_WORK TO BE COMPLETED:_
Exactly the lines from the one containing "11、 我們先來編輯文字部分" through the end of the data, and nothing more, should be retyped; pictures stay out.

------ DATASET SECTION ------

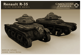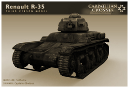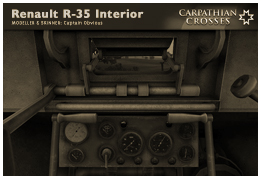 R-35 – francuski czołg wsparcia piechoty dla dwóch osób, z zasobem 60 rund amunicji. Zostały użyte podczas wyzwolenia Besarabii, Północnej Bukowiny oraz podczas oblężenia Odessy. Bardzo ciężki pancerz oraz mały kaliber działka powodują, że spełniał on rolę jako właśnie wsparcie dla piechoty. Mamy nadzieję, że spodoba się on fanom czołgów, ponieważ wiele serca włożyliśmy aby wiernie oddać wnętrze tego czołgu.
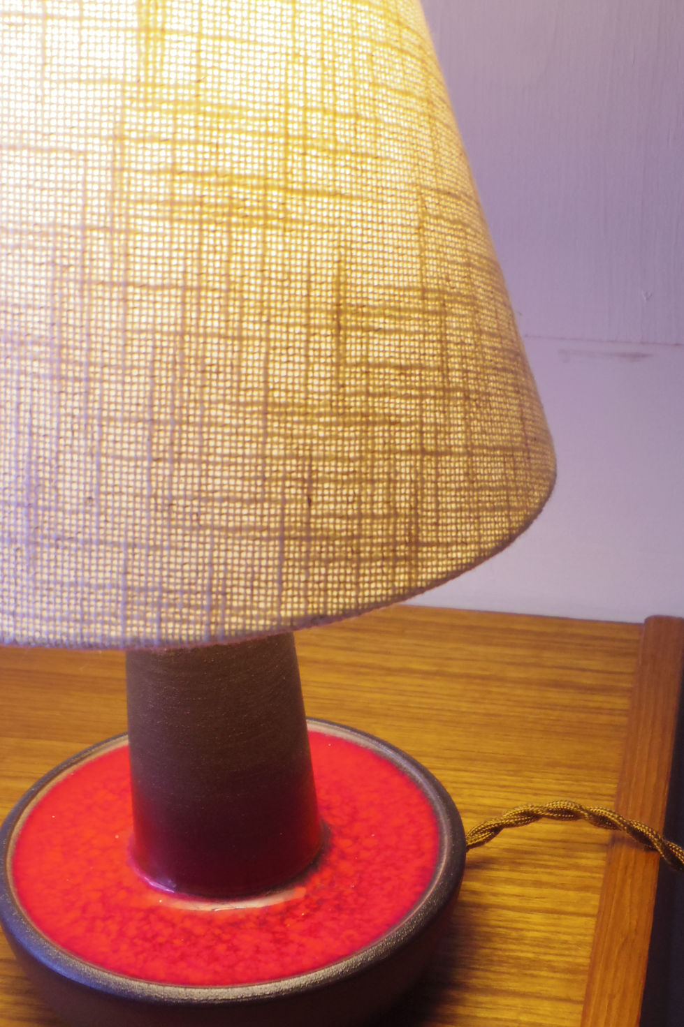 マットなダークブラウンにワンポイントでそれぞれ光沢感のある赤と青をまとった、シンプルでいて個性的なテーブルランプ。
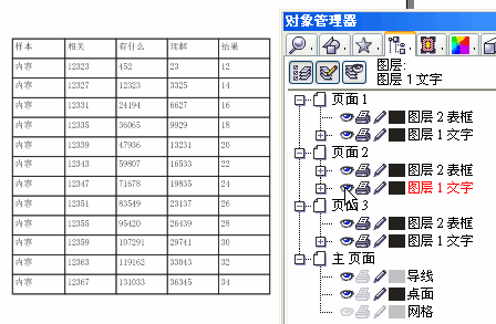 11、 我們先來編輯文字部分,為避免框線的干擾,在“對象管理”泊塢窗中將表格框線所在的圖層點為“不可編輯”
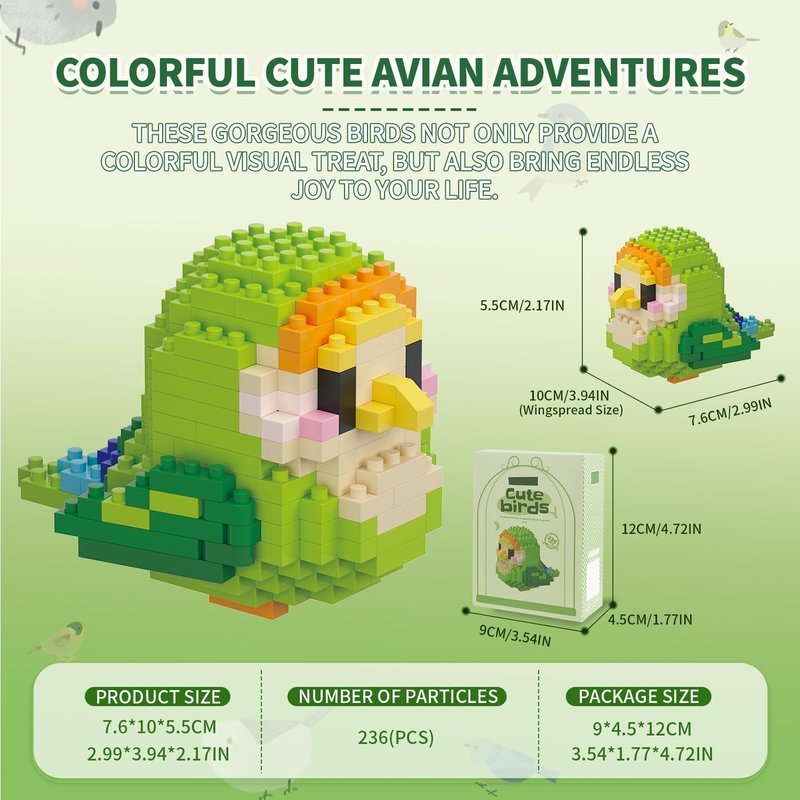 - Colorful Avian Collection: vividly designed parrot-toys themed micro-building sets. From the toy striking Red Macaw to the toy charming Cockatiel, bring the excitement of vibrant avian life right into your hands.

------

_PROBLEM SOLUTION:_
 11、 我們先來編輯文字部分,為避免框線的干擾,在“對象管理”泊塢窗中將表格框線所在的圖層點為“不可編輯”
 - Colorful Avian Collection: vividly designed parrot-toys themed micro-building sets. From the toy striking Red Macaw to the toy charming Cockatiel, bring the excitement of vibrant avian life right into your hands.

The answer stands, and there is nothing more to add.